Red-tailed hawks typically begin setting up their breeding territories in March, said Petersen. They commonly lay two eggs, which take about a month to hatch. The females, which tend to be bigger than males, do most of the incubating, and are fed by the males during the incubation period. Once the eggs hatch, both sexes feed the offspring.
The young fledge in about 45 days, but they don’t develop their namesake red-colored tail until the following autumn, said Petersen.
Red-tails typically mate for life, and can live up to about 20 years in the wild, said Petersen. The oldest known wild red-tailed hawk was from Michigan. It had a bird band that showed it was at least 30 years and 8 months old when it was found in 2011, according to Cornell University’s website.
Even if you’ve never seen a red-tailed hawk, chances are you’ve heard one. Red-tails have enjoyed a long career in Hollywood as avian voice-over artists.

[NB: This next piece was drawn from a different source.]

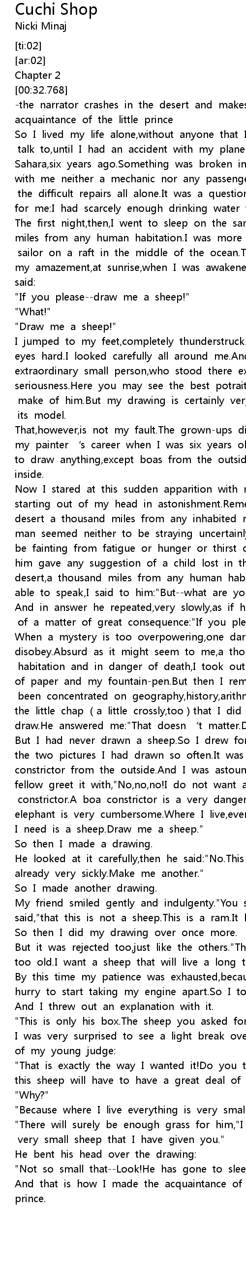 | [00:38.58] | "If you please--draw me a sheep!" |

“The red-tailed hawk has a thrilling, raspy scream that sounds exactly like a raptor should sound,” said the Cornell website. “At least, that’s what Hollywood directors seem to think. Whenever a hawk or eagle appears onscreen, no matter what species, the shrill cry on the soundtrack is almost always a red-tailed hawk.”
And if those Hollywood directors ever need a stand-in for a red-tail, they can call a blue jay.
“Blue jays can imitate the call of red-shouldered, broad-winged, and red-tailed hawks,” said Petersen.
And why would a blue jay imitate a hawk?
“They do it near bird feeders,” said Petersen, “perhaps to scare off other birds at the feeder.”